# Proving Segment Congruence | It All Adds Up

For necessary background information on this lesson, please click here.

Last time, we reviewed how to write a proof, and starting today, I’ll be sharing with you different purposes of writing proofs through basic geometry.

In Geometry class itself, we are about 3 chapters ahead of this, but given the importance of every postulate and theorem when writing proofs doesn’t allow for me to skip any content.

First off, let’s review what a postulate and a theorem are. You’ll see these terms many times over the coming months:

Postulate: a statement that is accepted without proof

Theorem: a statement that can be proved

Today, we’ll focus on something simple: proving line segments congruent. To start, let me teach you some new postulates and theorems:

Segment Addition Postulate: the idea that the sum of the measures of any two connected segments will equate to that of a larger angle

The Segment Addition Postulate states that segment AB + segment BC will equal segment AC.

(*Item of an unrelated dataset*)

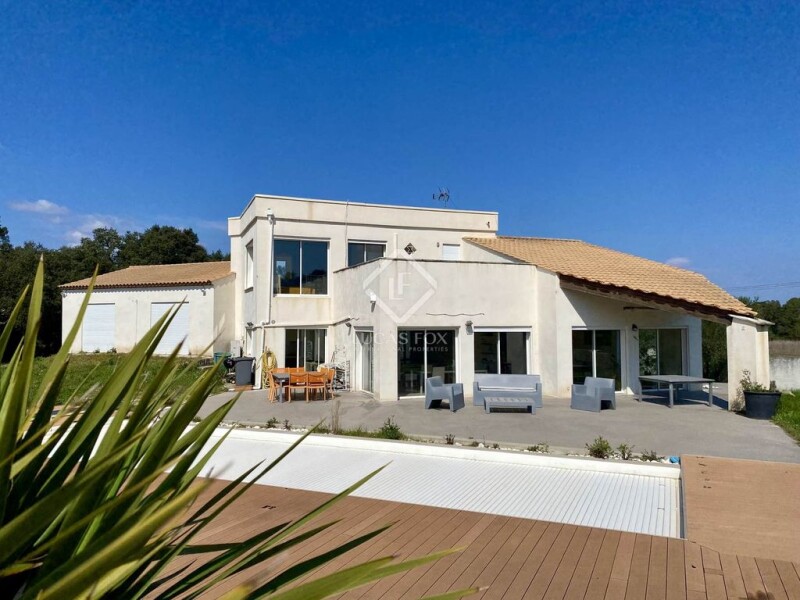 Lucas Fox International Properties, architect-designed house to renovate and its large plot, in the sought-after Fondespierre area of Castries. This 240 m² property was built in 2000 on a huge plot of nearly 2,800 m² where numerous olive trees of respectable age adorn the garden. The entrance opens onto a large, bright, south-facing living room of 75 m², with a TV area that can be closed off. A separate kitchen with a pantry adjoins the dining area and opens onto the terrace. There are also three bedrooms and two bathrooms on the ground floor of the west and east wings of the house. The upper floor is reserved for the master suite which consists of an office, which can be used as an additional bedroom, a large bathroom with dressing room and a solarium, as well as the bedroom, overlooking the garden. The latter surrounds the house and benefits from a pleasant swimming pool of 11 m by 3 m, surrounded by a terrace, a pétanque court as well as numerous parking spaces if necessary. A crawl space is located beneath the entire building and could easily be used as a cellar. A closed garage and a laundry area complete the features of this property, which requires extensive renovation work. Get the complete file and more information from your dedicated agent, Sébastien ANGLADE Commercial Agent - RSAC n° 813 793 833 Montpellier. Information on the risks to which this property is exposed is available on the Géorisques website: www.georisques.gouv.fr.
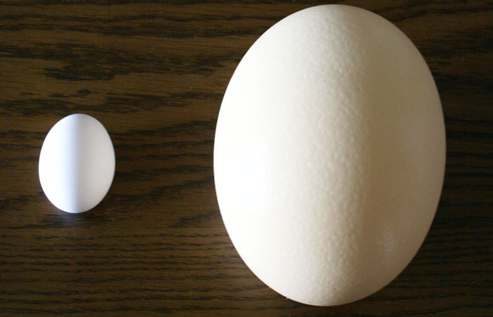 (殻の厚さ 鶏卵400μm、ダチョウ2mm。鶏卵の約5倍w)

Transitive Property: the idea that when two values are equal to each other, and another set of values are equal to each other, and one value is found in both, then the remaining two values are equal to each other

If a = b and b = c, then a = c.

Substitution Property: the idea that when one value is given to be equal to that of another value, then the two can be used interchangeably.

If a = b and a + d = c, then b + d = c.

We’ll use these, along with the other properties found in the previous edition, to write a proof. Here’s what we’re given, and what we’re told to prove:

We use those vertical tick marks to show that those two segments are congruent.

Let’s think this through. Make a plan for your proof – in this case, we are going to use the Segment Addition postulate to show that AB and BC make AC, and that it is congruent to BD. We already know that the outer segments are congruent, so we need to show that each outer segment plus the inner segment is equal to the other. In order to do this, we’ll need to show that the interior segment is congruent to itself, using the Reflexive POE. Then, using a bit of Algebra and the Substitution Property, we’ll show that AC is equal to BD.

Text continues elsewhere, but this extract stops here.